DATA RECORDS:
-------------------------

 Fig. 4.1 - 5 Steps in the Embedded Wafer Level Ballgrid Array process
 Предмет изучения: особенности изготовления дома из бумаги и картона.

-------------------------

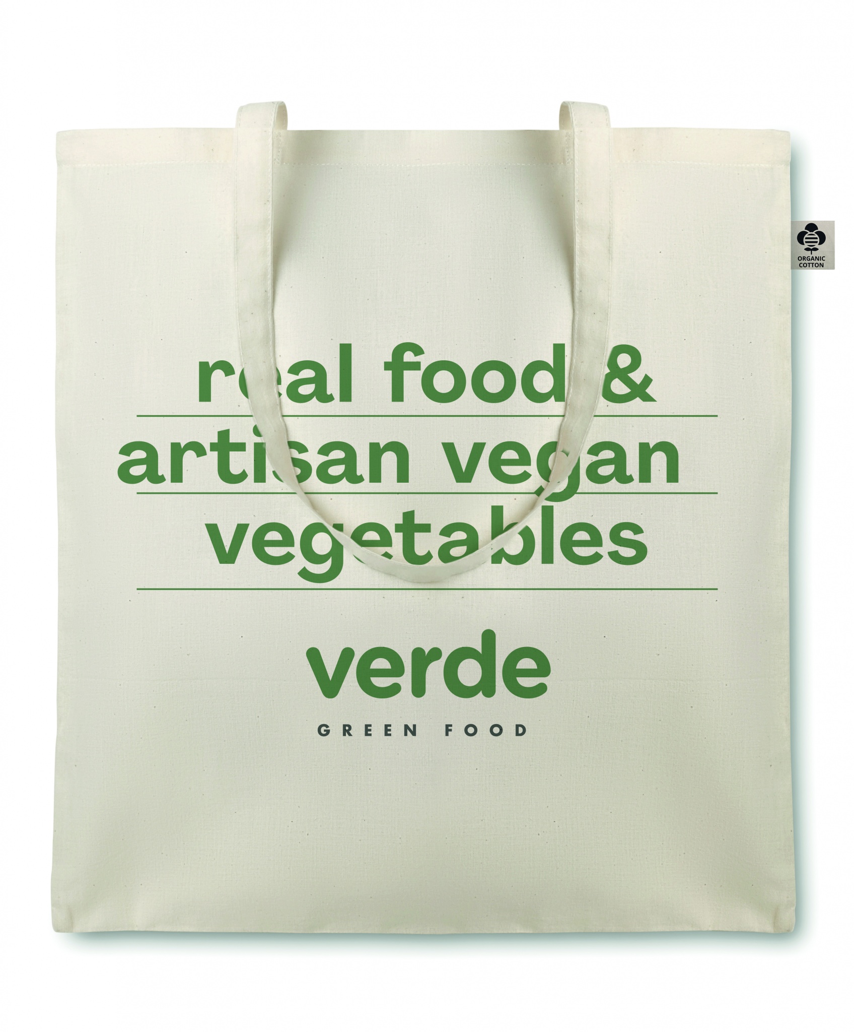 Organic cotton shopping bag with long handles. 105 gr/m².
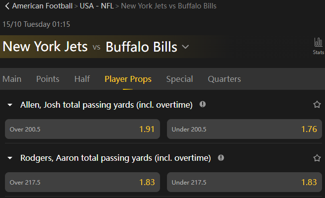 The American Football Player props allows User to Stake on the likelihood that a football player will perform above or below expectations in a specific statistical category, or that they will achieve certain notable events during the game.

-------------------------

Would you copy out exactly the lines above that start at the one containing "Fig. 4.1 - 5" and end at the one containing "Предмет изучения: особенности", inclusive?

SOLUTION FOR THIS PROBLEM:
 Fig. 4.1 - 5 Steps in the Embedded Wafer Level Ballgrid Array process
 Предмет изучения: особенности изготовления дома из бумаги и картона.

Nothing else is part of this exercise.